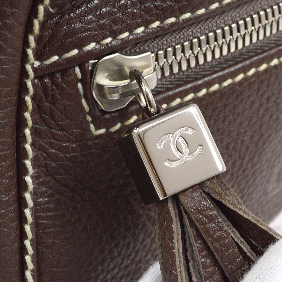 CHANEL 2003-2004 Brown Caviar Embossed Logo Shoulder Bag
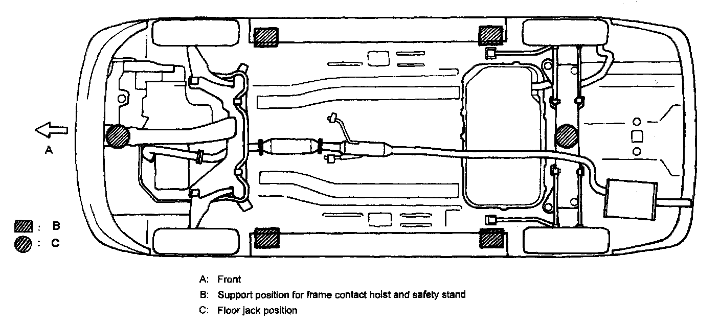 To perform service with either front or rear vehicle end jacked up, be sure to place safety stands under body so that body is securely supported. And then check to ensure that body does not slide on safety stands and the vehicle is held stable for safety's sake.
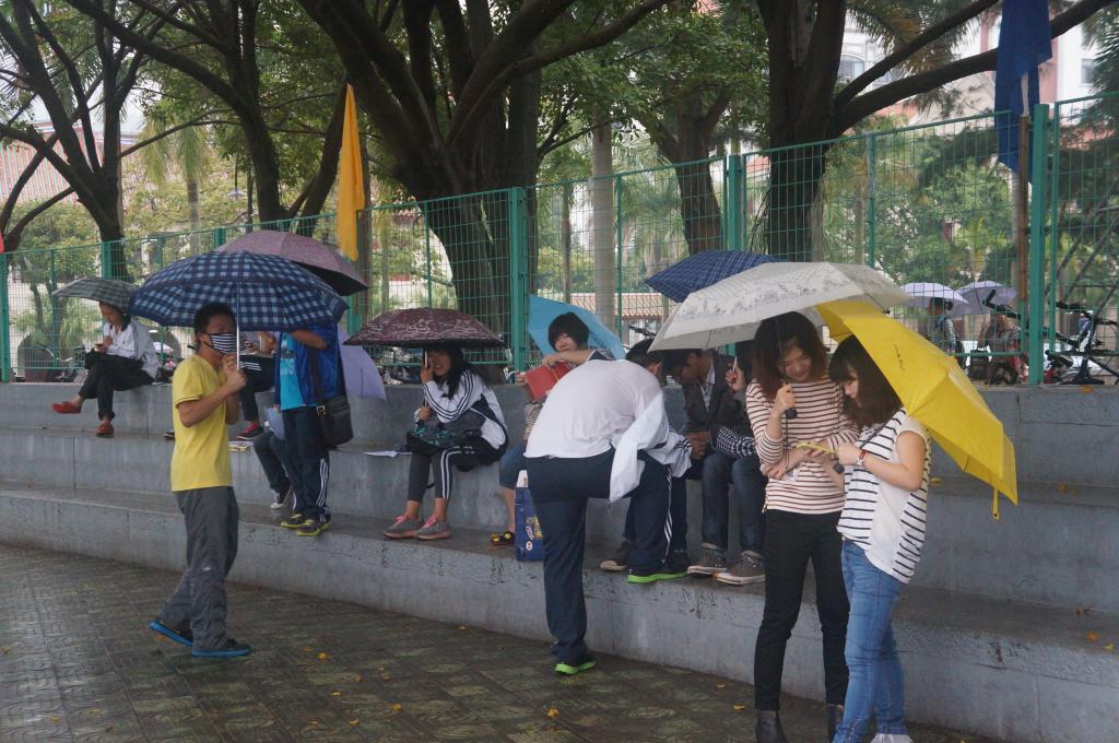 国际关系学院的同学们一早就打着伞来到演武场,为他们的同学加油助威!
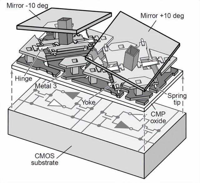 不过,这些小镜片并非静止的状态,它们采用特殊的铰链机构“悬浮”固定,可以偏转一定角度,而输入到投影机中的图像信号会先转换成数字信号并传送给DMD芯片,DMD芯片底层的CMOS会根据图像亮度的大小,控制每个小镜片的偏转的占空比,这些小镜片会进行高速偏转震动,这样DMD芯片就能连贯显示整幅的图像,投影机的光源反射到DMD芯片后就会呈现出图像,再通过镜头投射到幕布上。
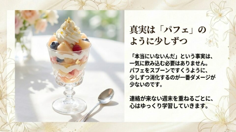 1週間、2週間と時間が経ち、週末を一人で過ごす経験を繰り返すうちに、心は少しずつ学習していきます。「ああ、本当にいないんだな」という事実は、一気に受け入れるのではなく、パフェをスプーンですくうように、少しずつ消化していくのが一番ダメージが少ないのです。
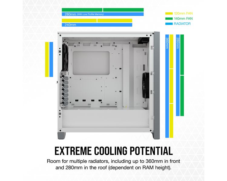 El espacioso interior puede alojar un máximo de 6 ventiladores de 120 mm o 4 de 140 mm, así como varios radiadores, como uno de 360 mm en la parte frontal y uno de 280 mm en la parte superior.
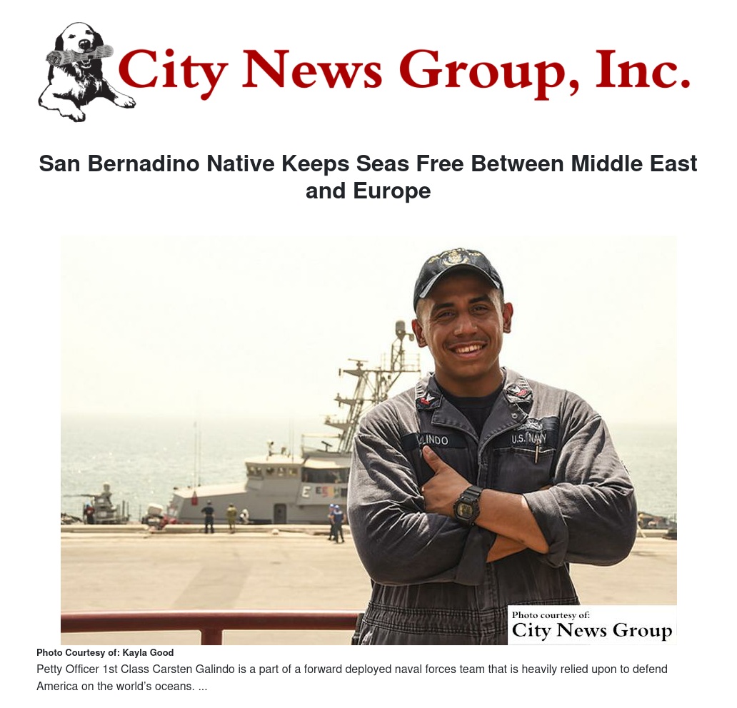 A 2006 Cajon High School graduate and San Bernardino native is helping the U.S. Navy keep sea lanes safe and open in the Middle East, serving on the mine countermeasures ship USS Devastator (MCM-6).
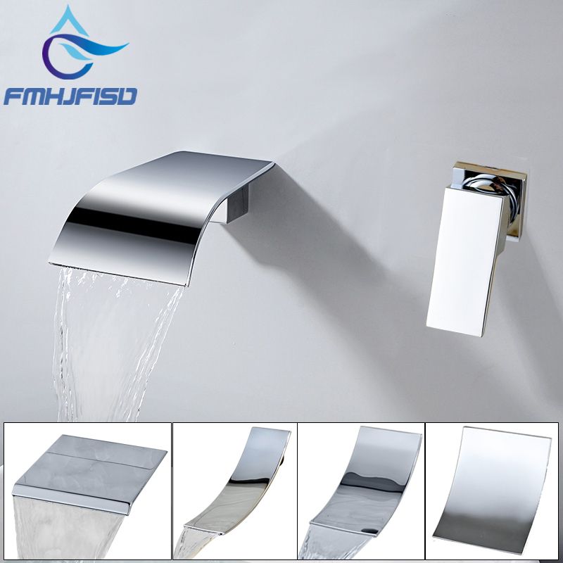Wall Mount Curved Spout Waterfall Bathroom Sink Faucets Widespread Bath And Shower Mixer Basin Tap Vessel Vanity Faucet Chrome Finish Intl
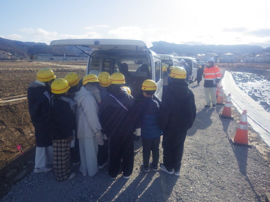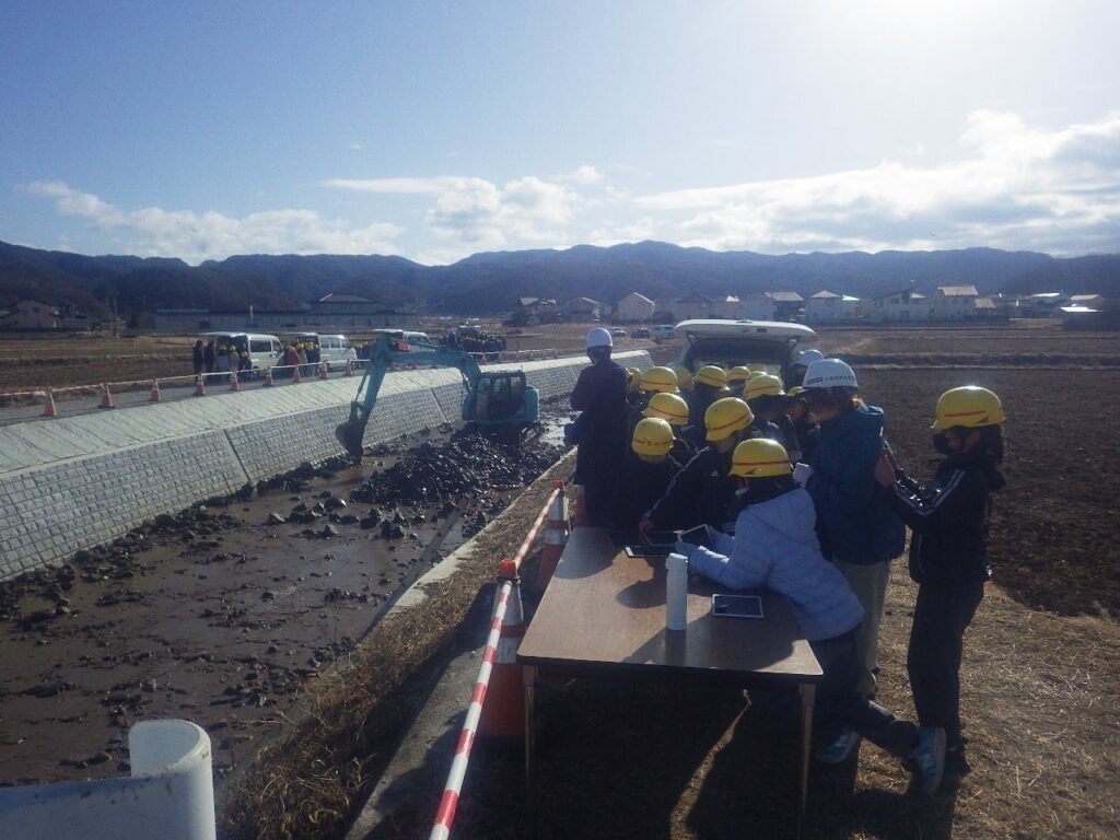 先日、令和8年1月28日に佐久市立佐久城山小学校4年生の皆さんをお招きし、建設現場の見学会を開催しました。今回の見学会の舞台は、佐久市を流れる田子川の護岸工事現場です。
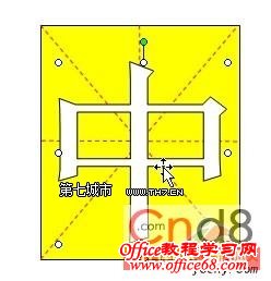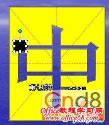 第二步:点击“绘图”工具栏中的“插入艺术字”工具,在打开的“艺术字库”对话框中选择第一行第一列艺术字样式,然后在“编辑艺术字文字”对话框中输入要演示的汉字“中”,并设置好字体。确定后,即可得到需要的空心汉字。选中后,利用控制句柄调节其大小,并将其位置拖到“米”字格的正中位置。如图1所示。选中“米”字格及艺术字,将它们组合为一个对象。
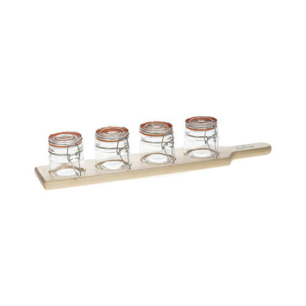 Set para servir aperitivos compuesto por una tabla de madera con 5 botes de cristal transparente.
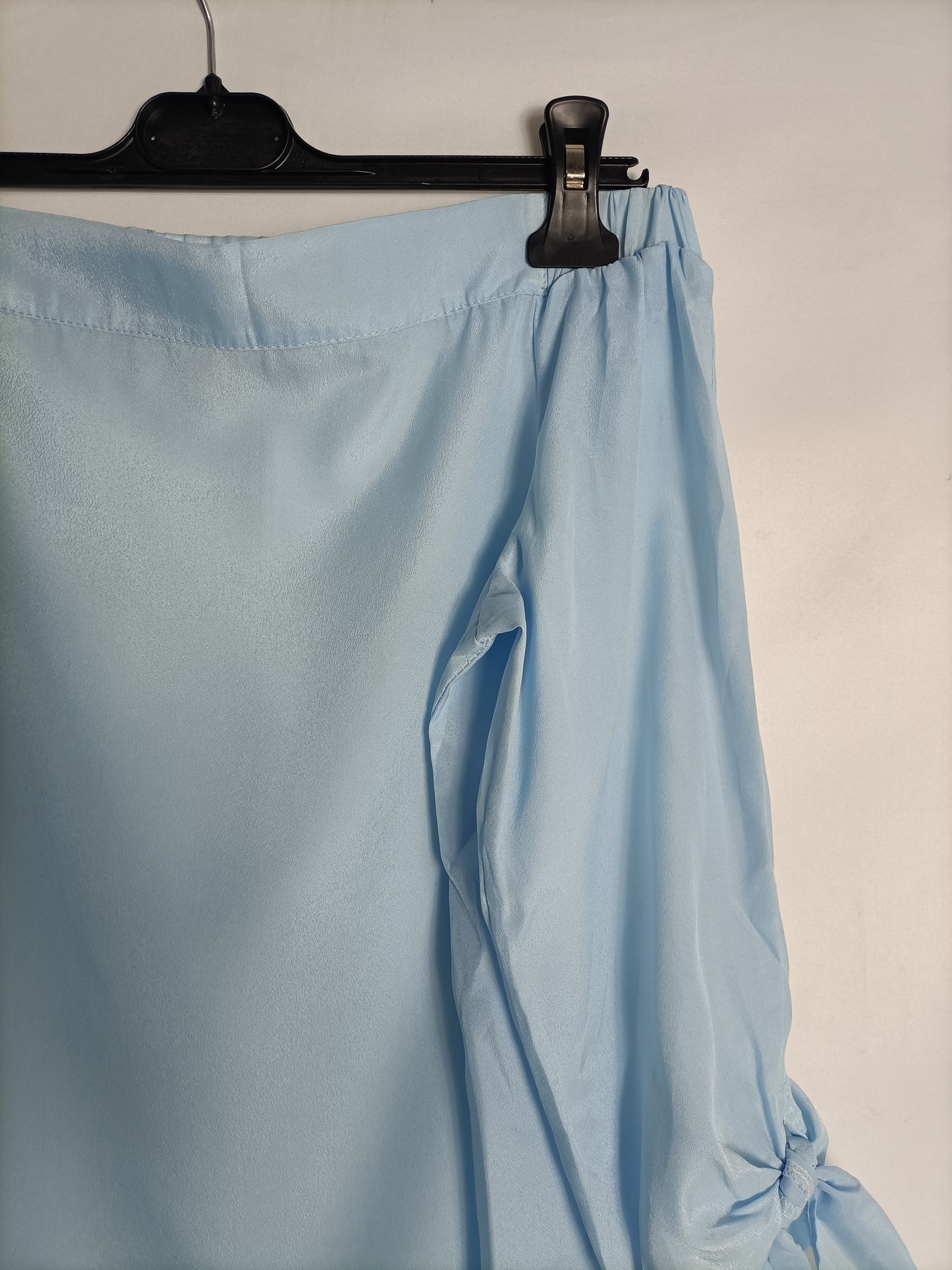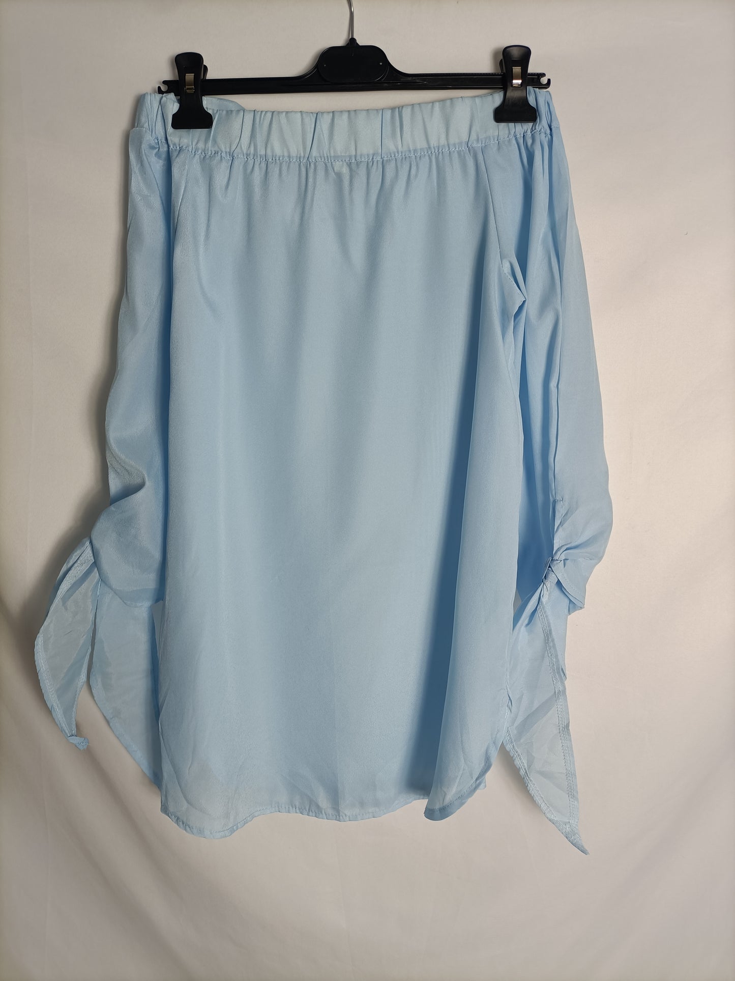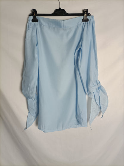 Top azul cuello barco con lazada en las mangas. de sisa a sisa 46 cm

☆ ☆ ☆ ☆ ☆

* [Task directions] Everything above from the line containing "国际关系学院的同学们一早就打着伞来到演武场,为他们的同学加油助威!" through the line containing "1週間、2週間と時間が経ち、" must be repeated exactly, and the pictures must be left out.

* [Written response]
 国际关系学院的同学们一早就打着伞来到演武场,为他们的同学加油助威!
 不过,这些小镜片并非静止的状态,它们采用特殊的铰链机构“悬浮”固定,可以偏转一定角度,而输入到投影机中的图像信号会先转换成数字信号并传送给DMD芯片,DMD芯片底层的CMOS会根据图像亮度的大小,控制每个小镜片的偏转的占空比,这些小镜片会进行高速偏转震动,这样DMD芯片就能连贯显示整幅的图像,投影机的光源反射到DMD芯片后就会呈现出图像,再通过镜头投射到幕布上。
 1週間、2週間と時間が経ち、週末を一人で過ごす経験を繰り返すうちに、心は少しずつ学習していきます。「ああ、本当にいないんだな」という事実は、一気に受け入れるのではなく、パフェをスプーンですくうように、少しずつ消化していくのが一番ダメージが少ないのです。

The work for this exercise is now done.